=== Dataset entries ===
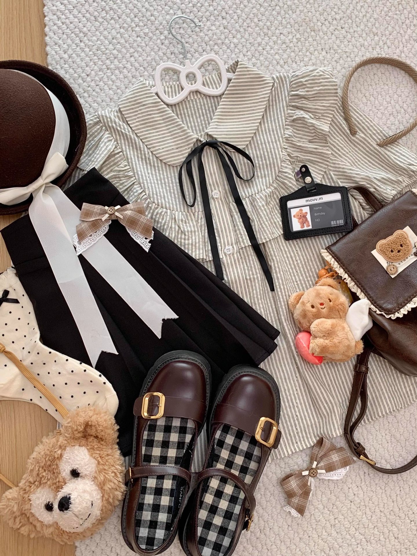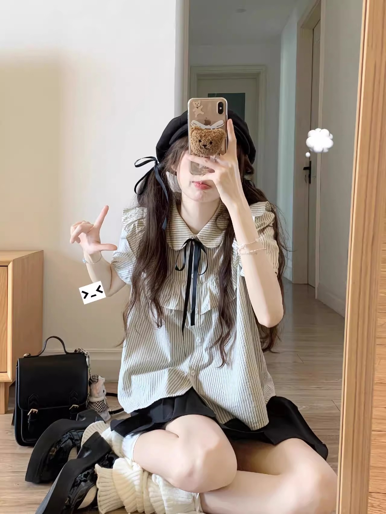 2025 대학 스타일 짧은 소매 셔츠 여성용 달콤한 JK 셔츠 러플 버블 슬리브 탑 스커트 2 피스 세트 일본과 한국 스타일스토어 가기
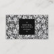 Modèle de carte de visite élégant avec un panneau noir carré de 1,3 po sur le devant. Nom et titre du travail/type d'entreprise dans le panneau avant. Le Nom est créé sur deux lignes en majuscules avec un espace supplémentaire entre chaque lettre donnant un look de marque design de haute qualité. Le panneau carré est également décoré de deux motifs rectangle qui ont été créés à l'aide de l'une des polices de symboles utiles de Zazzle. E-mail, web, adresse et détails de téléphonie joliment arrangés au verso de la carte avec un arrière - plan gris foncé. Cette carte peut également être customisée. Ce Modèle est également disponible dans une variété de styles différents, certains avec des arrière - plans de couleur plate et des arrière - plans d'image. Aussi disponible avec différents panneaux de couleurs.
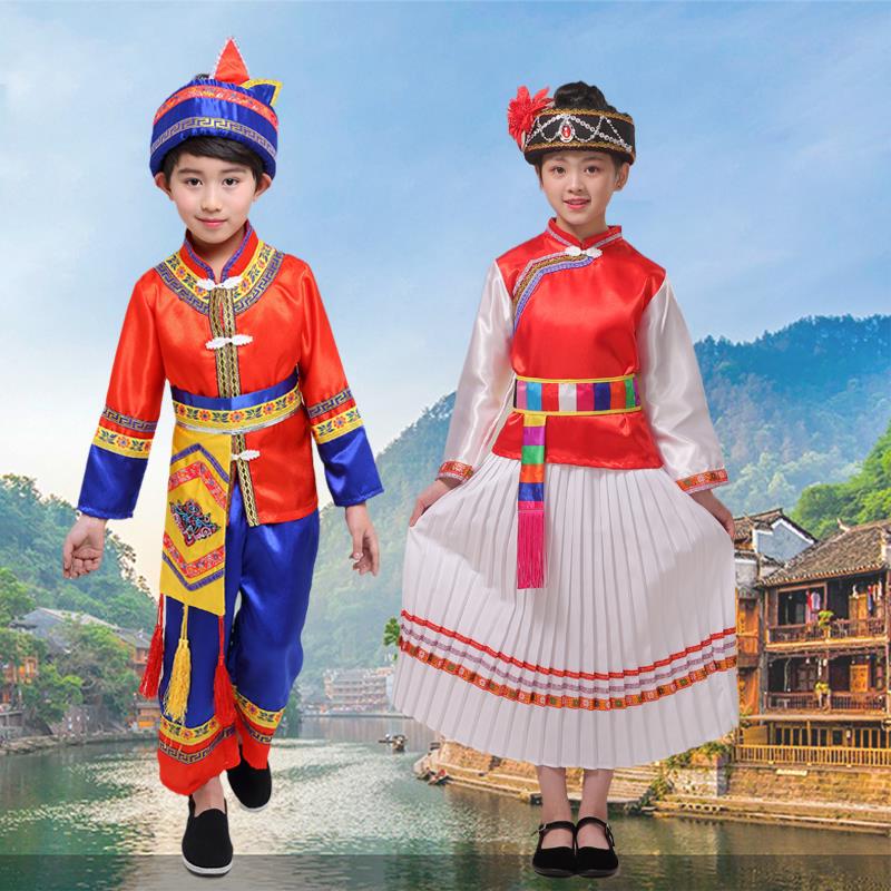 儿童民族服装 普米族女童舞台演出服纳西族傈僳族白族少数民族服装
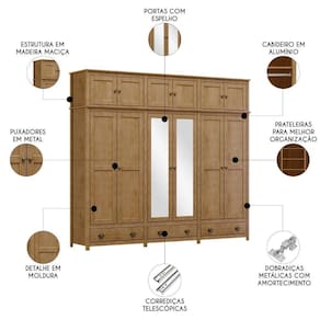 O Guarda Roupa Casal é produzido em madeira maciça, garantindo resistência, durabilidade e um acabamento refinado que valoriza o ambiente. Seu design moderno com detalhes em madeira maciça nas portas adiciona sofisticação à peça.
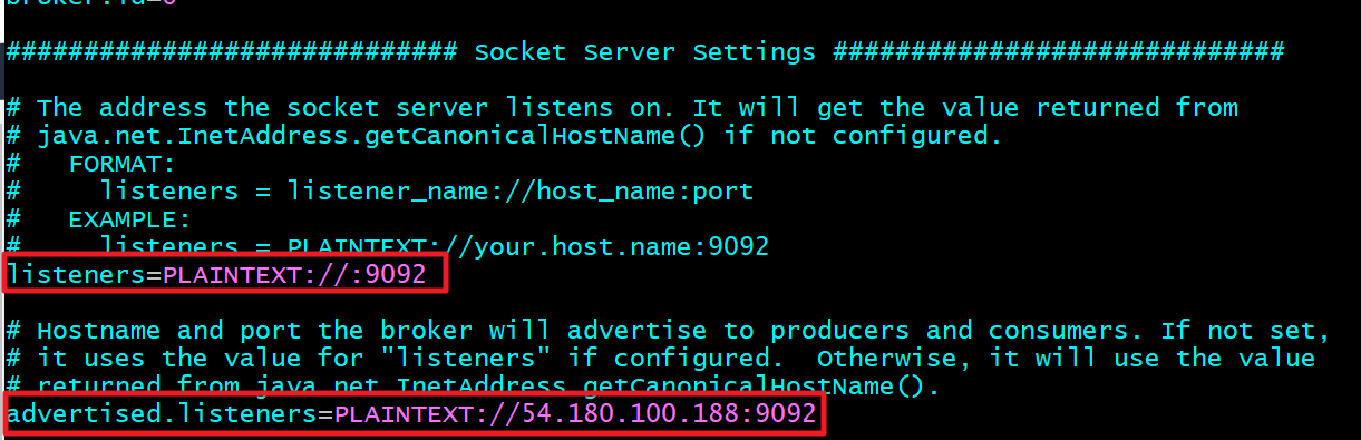 kafka_2.13-3.7.0/config/server.properties 내용중, 아래 빨간색 하이라트 부분을 수정합니다.
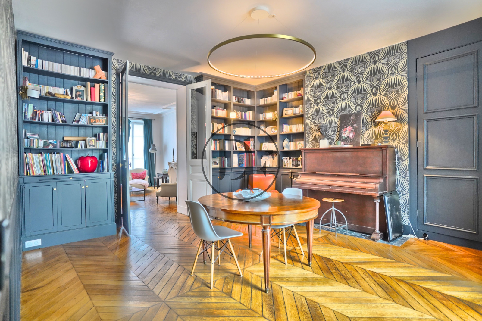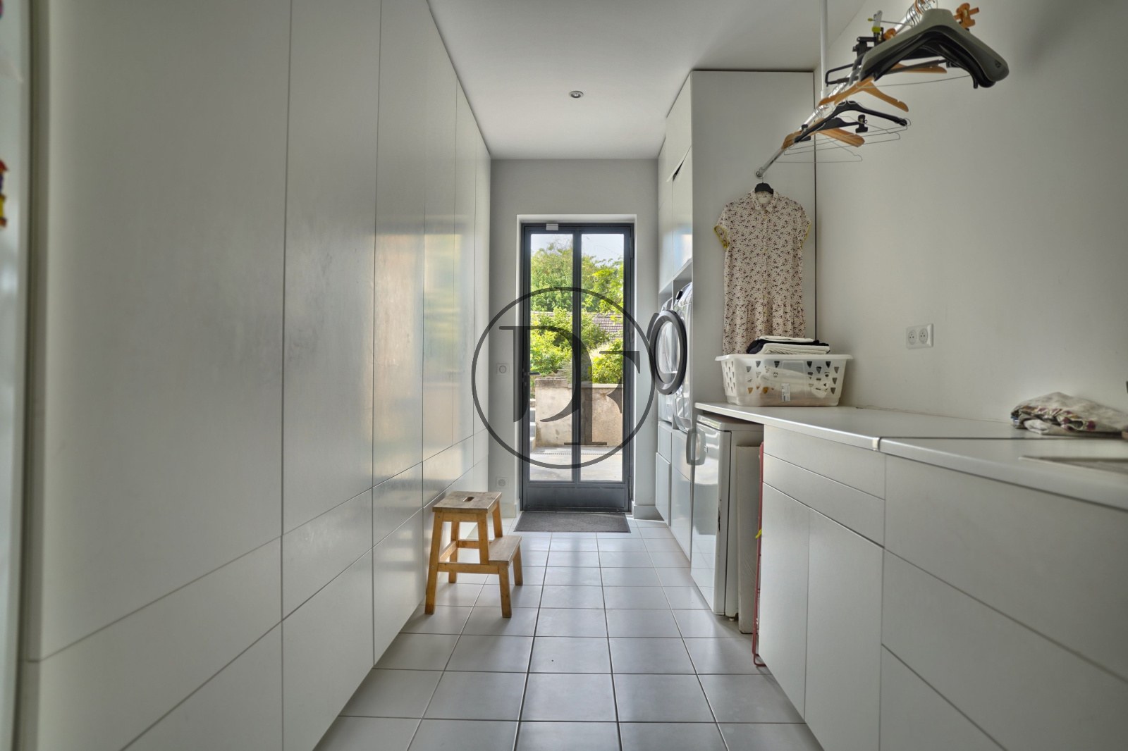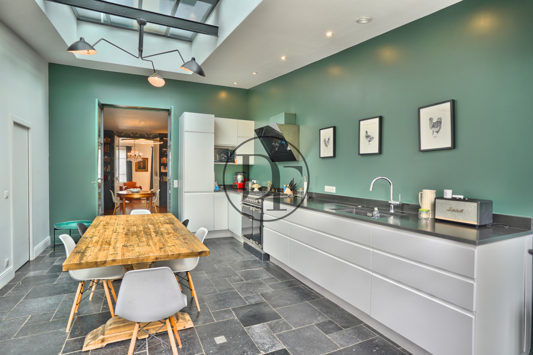 La maison se compose, au rez-de-chaussée, d’un hall d’entrée accueillant avec vestiaire et toilettes pour invités, d’un vaste salon parqueté en point de Hongrie, doté d’une cheminée d’époque et bénéficiant d’une belle hauteur sous plafond. Ce dernier est suivi d’une élégante salle à manger conduisant à une magnifique cuisine aménagée sur mesure donnant accès à une vaste terrasse menant au jardin. Une arrière-cuisine, offrant de multiples rangements sur mesure et intégrant une buanderie fonctionnelle, vient parfaire ce niveau.
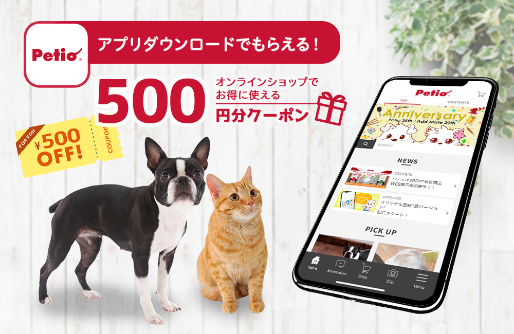 *1:初回ダウンロード時・3ヶ月に1回500円クーポンを配布中です。 *2:Instagramで「#petioモデル」をつけて投稿すると、ペティオ公式アプリのClipに掲載される可能性あり。
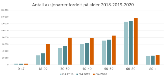I Norge utgjør kvinner fortsatt 30 % av investorene i aksjer og aksjefond. Og deres verdier har normalt tilsvart 20 % av verdiene hos privatpersoner. Normalt har de fleste investorene vært over 50 år. Men nå ser vi et stort skifte: Av de som investerer på Oslo Børs har antallet økt med 23,4% det siste året. 67 % av disse nye aksjonærene er under 40 år. Kvinner økte 19 % i antall og menn med 26 %. Menns sparevolum er fortsatt høyere enn kvinners. Sparing i aksjer og fond må ansees som sparing uten bindingstid, at investeringene er likvide og lett tilgjengelige, som er drivende faktorer for de mer kortsiktig investorene.
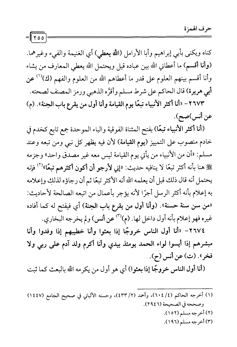 2673 - "أنا أكثر الأنبياء تبعًا يوم القيامة وأنا أول من يقرع باب الجنة". (م) عن أنس) صح).
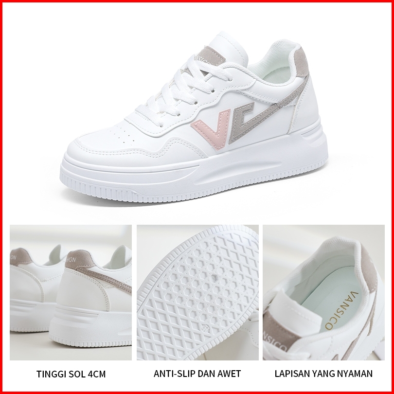 Vansico Sepatu Sneakers Putih Wanita Original 100 Olahraga Premium Kekinian Casual Sport Shoes Kets Cewek Simple Import
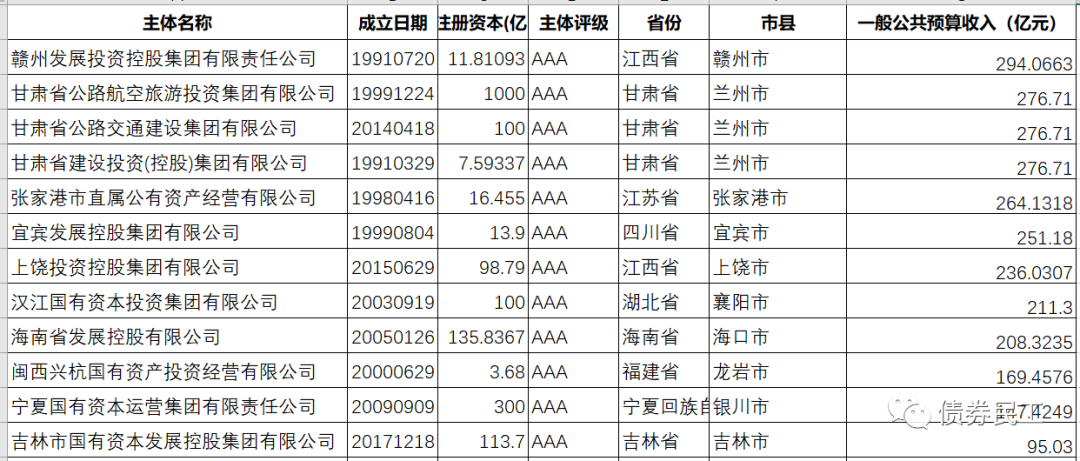 6、AAA城投公司所在區域的的一般預算收入情況。扣除掉直轄市和副省級城市,蘇州市是AAA城投公司一般預算收入數據最高的地級市;吉林市是AAA城投公司一般預算收入數據最低的地級市。目前共有12家城投公司所在區域的一般預算收入低于300億元。

=== What you are asked to do ===
Each record above is to be copied exactly. Drop the pictures.

=== Reply to the task ===
 2025 대학 스타일 짧은 소매 셔츠 여성용 달콤한 JK 셔츠 러플 버블 슬리브 탑 스커트 2 피스 세트 일본과 한국 스타일스토어 가기
 Modèle de carte de visite élégant avec un panneau noir carré de 1,3 po sur le devant. Nom et titre du travail/type d'entreprise dans le panneau avant. Le Nom est créé sur deux lignes en majuscules avec un espace supplémentaire entre chaque lettre donnant un look de marque design de haute qualité. Le panneau carré est également décoré de deux motifs rectangle qui ont été créés à l'aide de l'une des polices de symboles utiles de Zazzle. E-mail, web, adresse et détails de téléphonie joliment arrangés au verso de la carte avec un arrière - plan gris foncé. Cette carte peut également être customisée. Ce Modèle est également disponible dans une variété de styles différents, certains avec des arrière - plans de couleur plate et des arrière - plans d'image. Aussi disponible avec différents panneaux de couleurs.
 儿童民族服装 普米族女童舞台演出服纳西族傈僳族白族少数民族服装
 O Guarda Roupa Casal é produzido em madeira maciça, garantindo resistência, durabilidade e um acabamento refinado que valoriza o ambiente. Seu design moderno com detalhes em madeira maciça nas portas adiciona sofisticação à peça.
 kafka_2.13-3.7.0/config/server.properties 내용중, 아래 빨간색 하이라트 부분을 수정합니다.
 La maison se compose, au rez-de-chaussée, d’un hall d’entrée accueillant avec vestiaire et toilettes pour invités, d’un vaste salon parqueté en point de Hongrie, doté d’une cheminée d’époque et bénéficiant d’une belle hauteur sous plafond. Ce dernier est suivi d’une élégante salle à manger conduisant à une magnifique cuisine aménagée sur mesure donnant accès à une vaste terrasse menant au jardin. Une arrière-cuisine, offrant de multiples rangements sur mesure et intégrant une buanderie fonctionnelle, vient parfaire ce niveau.
 *1:初回ダウンロード時・3ヶ月に1回500円クーポンを配布中です。 *2:Instagramで「#petioモデル」をつけて投稿すると、ペティオ公式アプリのClipに掲載される可能性あり。
I Norge utgjør kvinner fortsatt 30 % av investorene i aksjer og aksjefond. Og deres verdier har normalt tilsvart 20 % av verdiene hos privatpersoner. Normalt har de fleste investorene vært over 50 år. Men nå ser vi et stort skifte: Av de som investerer på Oslo Børs har antallet økt med 23,4% det siste året. 67 % av disse nye aksjonærene er under 40 år. Kvinner økte 19 % i antall og menn med 26 %. Menns sparevolum er fortsatt høyere enn kvinners. Sparing i aksjer og fond må ansees som sparing uten bindingstid, at investeringene er likvide og lett tilgjengelige, som er drivende faktorer for de mer kortsiktig investorene.
 2673 - "أنا أكثر الأنبياء تبعًا يوم القيامة وأنا أول من يقرع باب الجنة". (م) عن أنس) صح).
 Vansico Sepatu Sneakers Putih Wanita Original 100 Olahraga Premium Kekinian Casual Sport Shoes Kets Cewek Simple Import
 6、AAA城投公司所在區域的的一般預算收入情況。扣除掉直轄市和副省級城市,蘇州市是AAA城投公司一般預算收入數據最高的地級市;吉林市是AAA城投公司一般預算收入數據最低的地級市。目前共有12家城投公司所在區域的一般預算收入低于300億元。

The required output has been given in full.